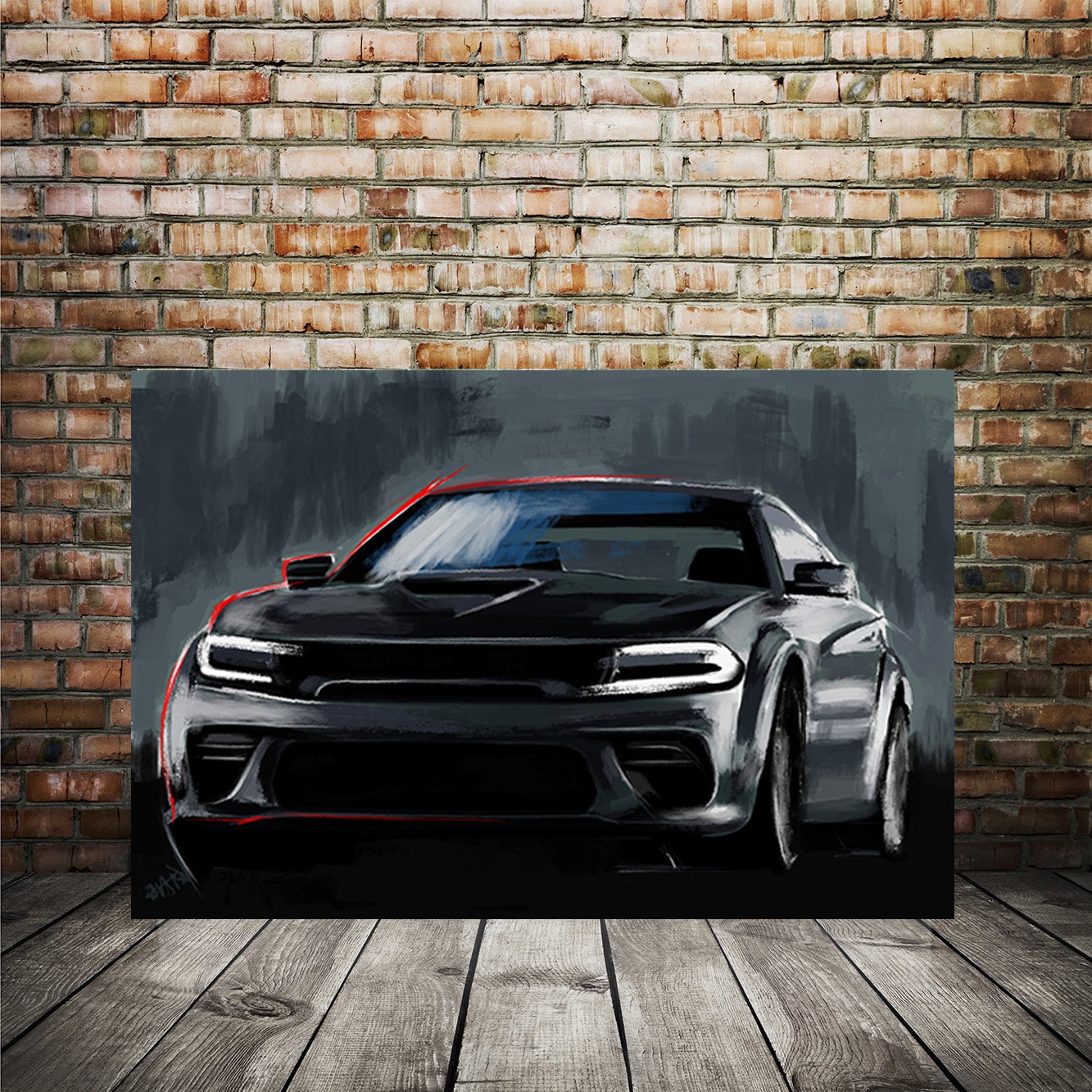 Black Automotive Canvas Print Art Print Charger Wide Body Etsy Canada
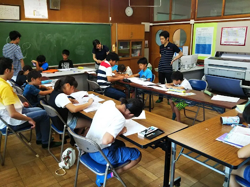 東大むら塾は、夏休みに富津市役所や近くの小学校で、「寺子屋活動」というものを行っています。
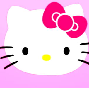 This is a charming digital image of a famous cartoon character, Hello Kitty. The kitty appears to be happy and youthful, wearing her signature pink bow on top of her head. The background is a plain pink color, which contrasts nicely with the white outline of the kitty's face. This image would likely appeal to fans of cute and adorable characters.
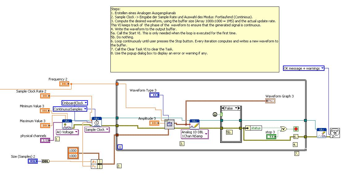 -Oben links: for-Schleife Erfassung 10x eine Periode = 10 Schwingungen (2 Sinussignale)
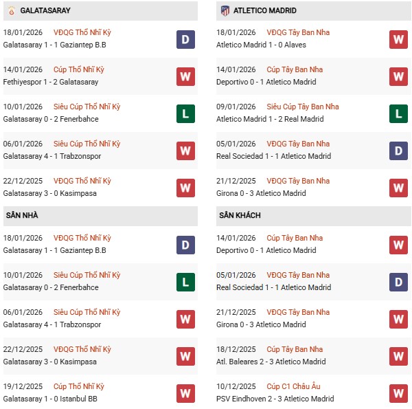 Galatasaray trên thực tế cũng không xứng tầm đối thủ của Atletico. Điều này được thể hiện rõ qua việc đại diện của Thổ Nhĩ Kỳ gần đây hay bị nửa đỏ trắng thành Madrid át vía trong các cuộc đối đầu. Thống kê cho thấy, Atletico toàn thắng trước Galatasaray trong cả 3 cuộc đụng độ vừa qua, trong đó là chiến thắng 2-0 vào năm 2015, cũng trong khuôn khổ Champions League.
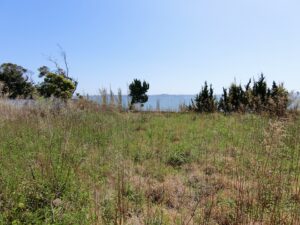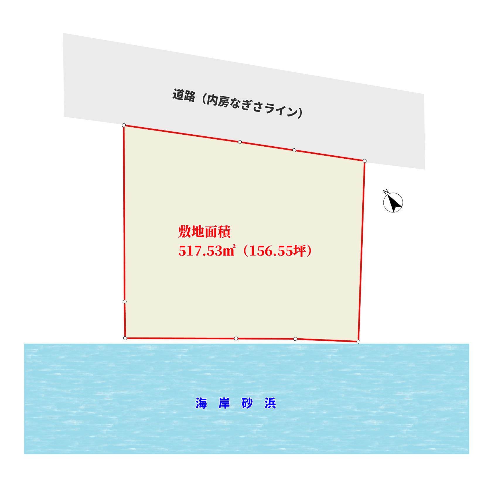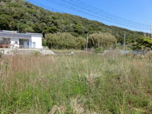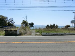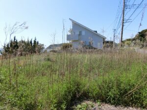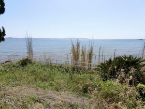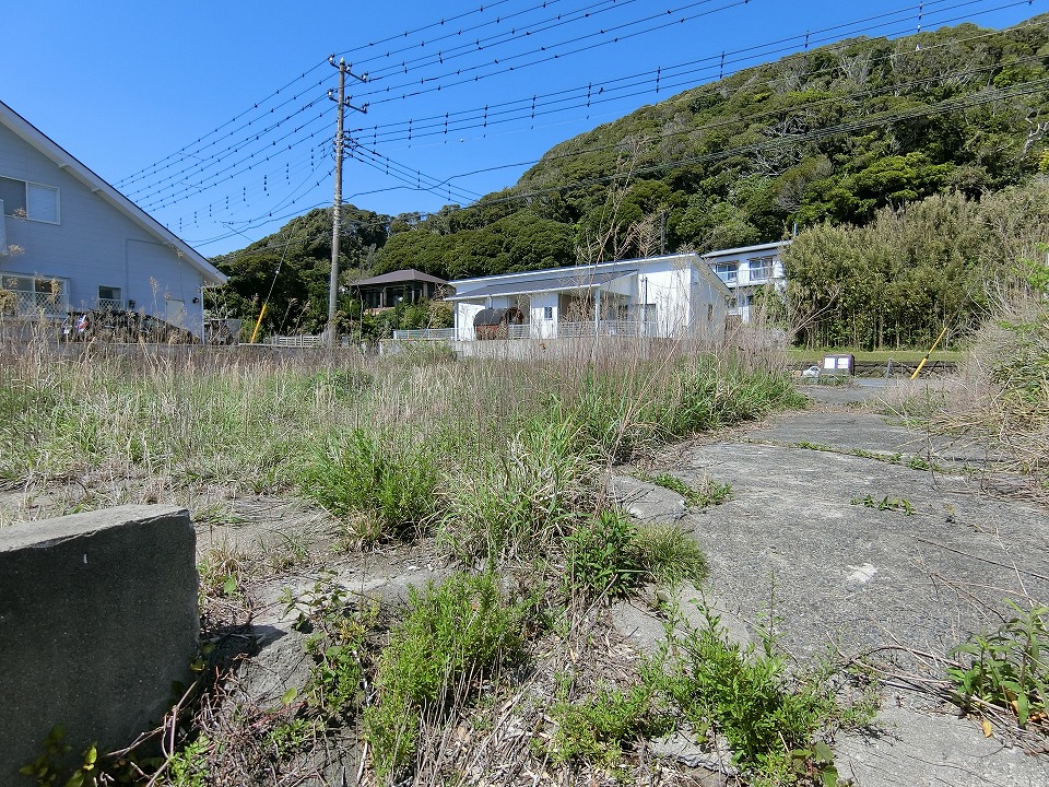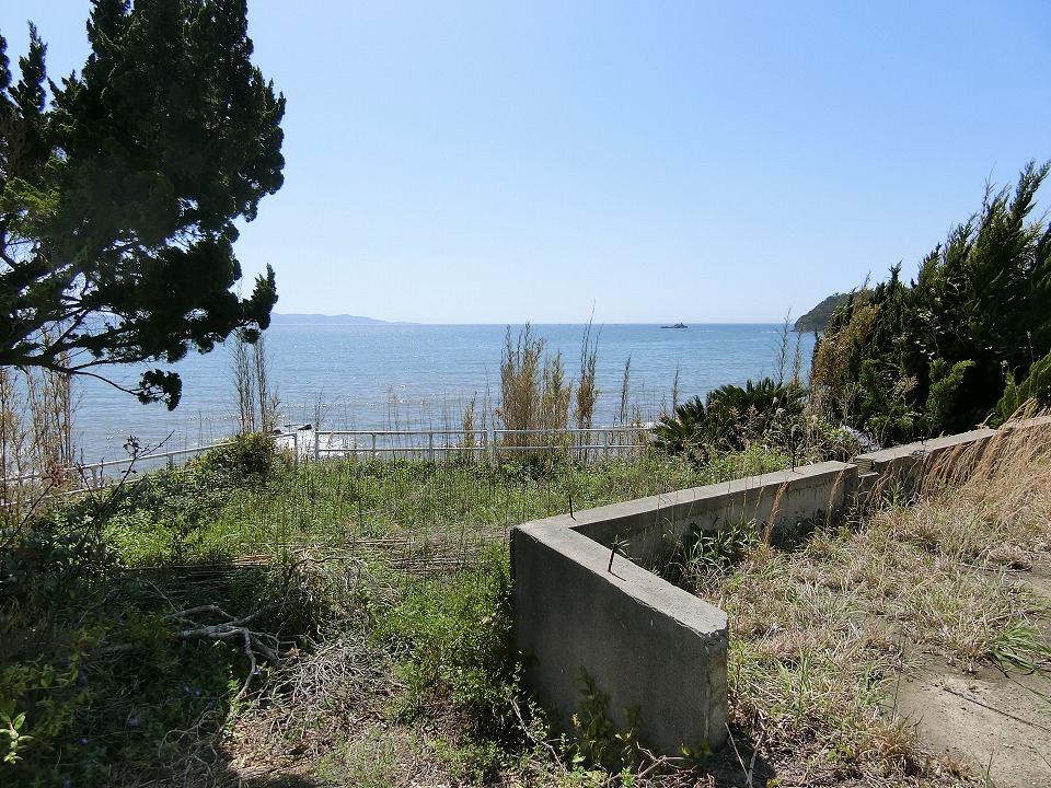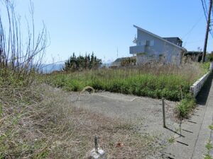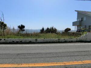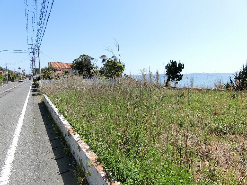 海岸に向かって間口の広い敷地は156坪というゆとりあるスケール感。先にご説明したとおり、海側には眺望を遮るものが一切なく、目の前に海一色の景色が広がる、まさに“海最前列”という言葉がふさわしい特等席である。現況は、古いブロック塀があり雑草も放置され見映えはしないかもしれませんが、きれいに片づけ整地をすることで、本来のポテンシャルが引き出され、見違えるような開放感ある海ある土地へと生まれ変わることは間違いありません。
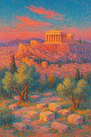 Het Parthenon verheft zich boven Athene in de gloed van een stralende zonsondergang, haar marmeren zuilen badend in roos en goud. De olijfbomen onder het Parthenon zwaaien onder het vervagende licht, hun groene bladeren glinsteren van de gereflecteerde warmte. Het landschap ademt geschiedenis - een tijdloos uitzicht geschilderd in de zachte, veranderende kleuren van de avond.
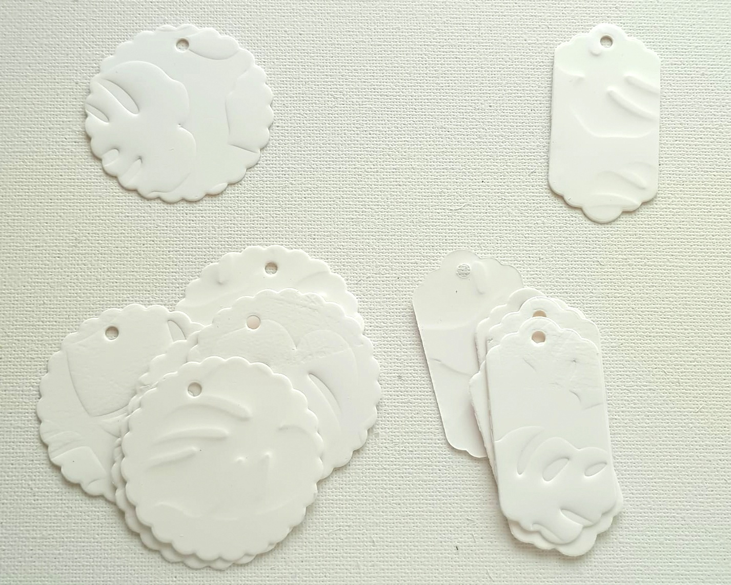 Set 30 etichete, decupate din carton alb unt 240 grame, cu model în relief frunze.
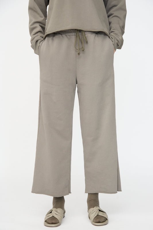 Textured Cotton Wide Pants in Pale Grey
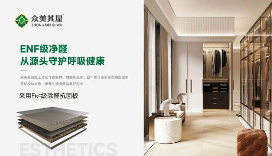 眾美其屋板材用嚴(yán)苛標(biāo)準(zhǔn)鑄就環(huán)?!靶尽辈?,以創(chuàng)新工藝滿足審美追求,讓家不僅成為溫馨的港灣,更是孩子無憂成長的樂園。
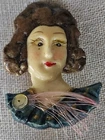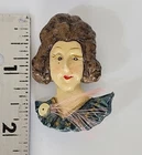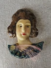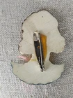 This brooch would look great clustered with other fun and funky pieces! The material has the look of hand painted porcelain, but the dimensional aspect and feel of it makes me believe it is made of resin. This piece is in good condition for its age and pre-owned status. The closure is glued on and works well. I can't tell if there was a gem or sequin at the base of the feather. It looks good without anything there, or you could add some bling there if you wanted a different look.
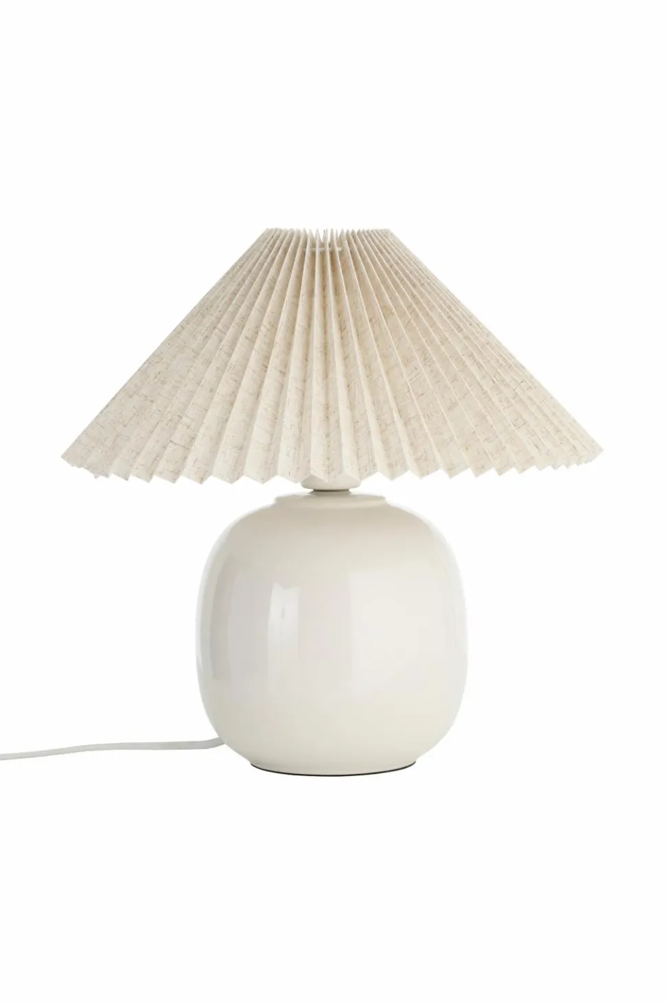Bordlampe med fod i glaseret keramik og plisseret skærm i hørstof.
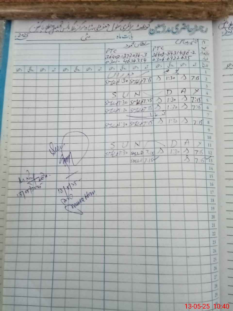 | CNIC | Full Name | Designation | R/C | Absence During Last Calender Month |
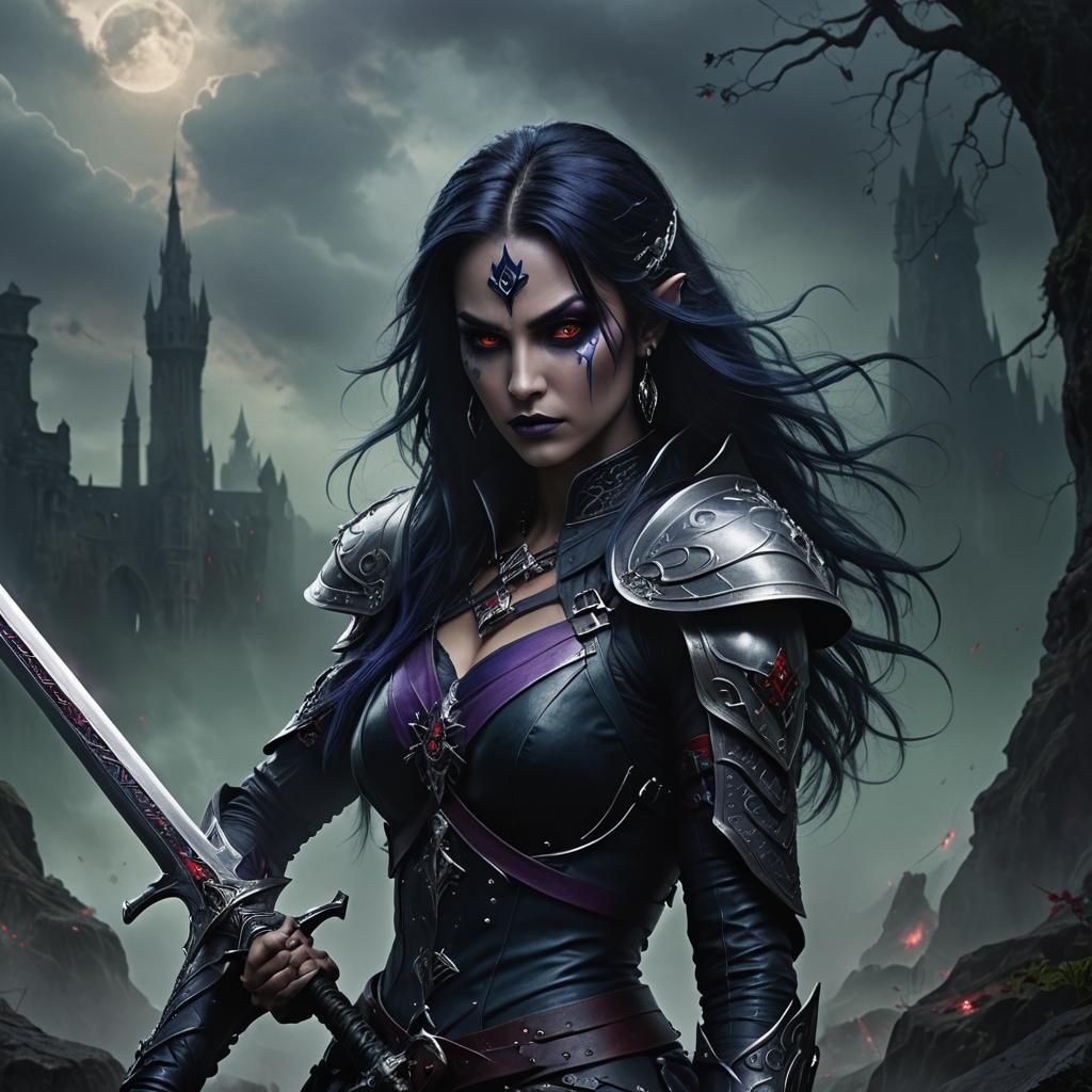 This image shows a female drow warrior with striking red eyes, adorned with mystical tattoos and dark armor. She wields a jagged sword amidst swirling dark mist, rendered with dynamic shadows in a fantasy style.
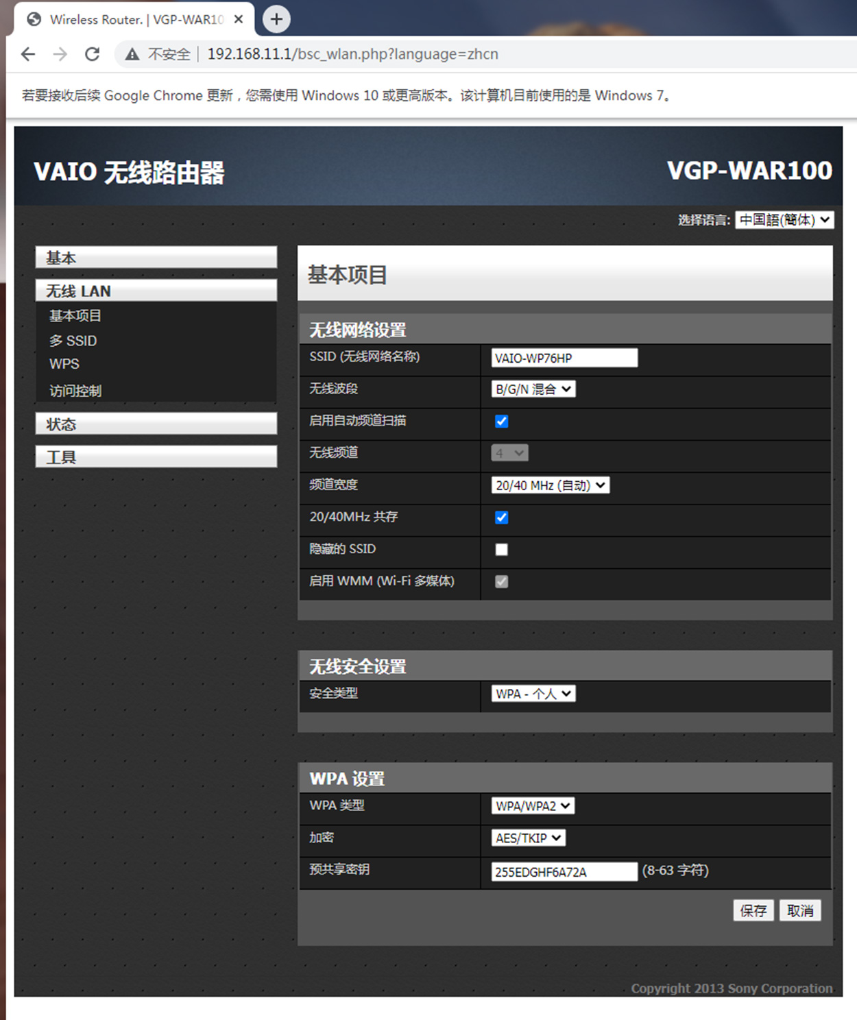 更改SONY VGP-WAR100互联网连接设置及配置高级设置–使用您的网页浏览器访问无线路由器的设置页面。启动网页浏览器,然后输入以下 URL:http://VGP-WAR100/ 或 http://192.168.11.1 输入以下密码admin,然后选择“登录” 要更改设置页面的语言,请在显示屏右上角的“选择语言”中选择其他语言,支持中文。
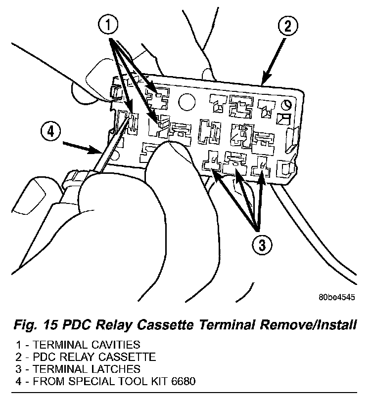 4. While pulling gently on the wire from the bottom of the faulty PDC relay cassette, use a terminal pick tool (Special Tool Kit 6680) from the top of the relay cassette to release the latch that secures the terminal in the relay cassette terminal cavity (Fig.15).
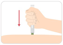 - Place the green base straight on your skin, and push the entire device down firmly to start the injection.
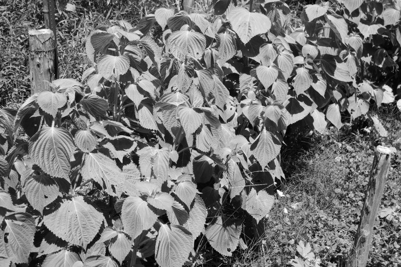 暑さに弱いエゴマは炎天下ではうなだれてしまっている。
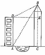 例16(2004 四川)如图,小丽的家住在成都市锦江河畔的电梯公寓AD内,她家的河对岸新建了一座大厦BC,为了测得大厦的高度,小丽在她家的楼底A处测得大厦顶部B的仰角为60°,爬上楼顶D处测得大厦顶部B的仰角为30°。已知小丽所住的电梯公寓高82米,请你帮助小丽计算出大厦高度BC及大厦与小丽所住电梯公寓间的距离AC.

> _TASK TO CARRY OUT_
Extract, word for word, each line from the top of the data down to and including the line with "東大むら塾は、夏休みに富津市"; skip the pictures.

> _FINISHED TASK_
 Black Automotive Canvas Print Art Print Charger Wide Body Etsy Canada
 東大むら塾は、夏休みに富津市役所や近くの小学校で、「寺子屋活動」というものを行っています。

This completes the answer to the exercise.